Jacquemin E
Service d'hépatologie pédiatrique et centre de référence de l'atrésie des voies biliaires, CHU de Bicêtre, 78, avenue du Général-Leclerc, 94275 Le Kremlin-Bicêtre cedex, France.
Arch Pediatr. 2007 Mar;14(3):303-5. doi: 10.1016/j.arcped.2006.12.015. Epub 2007 Feb 5.
Biliary atresia is a rare disease, but it is the major cause of neonatal cholestasis and the major indication for liver transplantation in children. Kasaï procedure can restore bile flow and prevent or slow progression of disease in a proportion of patients. Data show that the earlier the Kasaï procedure is performed, the better is the outcome. Therefore, rapid referral to an experienced centre, for prompt diagnosis and surgery, is strongly recommended. Unfortunately, the disease is often detected late, and Kasaï procedure is performed after 60 days of age. In an attempt to achieve earlier diagnosis and better outcome of Kasaï procedure, we propose to institute routine screening for biliary atresia using a stool colorimetric scale. This should help to identify earlier children who have acholic stools and may have biliary atresia. We postulate that this screening method will allow improving the results of the Kasaï procedure and providing children with the best chance of survival with their native liver.

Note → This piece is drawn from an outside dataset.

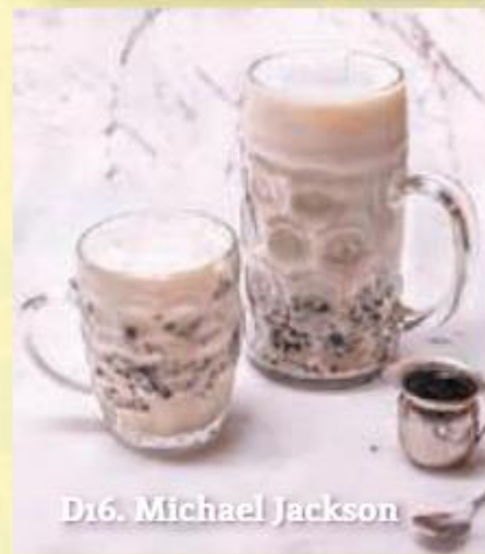
D16. Michael Jackson

胆道闭锁是一种罕见疾病,但它是新生儿胆汁淤积的主要原因,也是儿童肝移植的主要指征。葛西手术可以恢复胆汁流动,并在一定比例的患者中预防或减缓疾病进展。数据表明,葛西手术进行得越早,效果越好。因此,强烈建议迅速转诊至有经验的中心,以便及时诊断和手术。不幸的是,该病往往在晚期才被发现,葛西手术在患儿60日龄后才进行。为了实现更早诊断并提高葛西手术的效果,我们建议采用粪便比色法对胆道闭锁进行常规筛查。这应有助于更早地识别出大便无胆汁且可能患有胆道闭锁的儿童。我们推测,这种筛查方法将改善葛西手术的效果,并为患儿提供依靠自身肝脏获得最佳生存机会。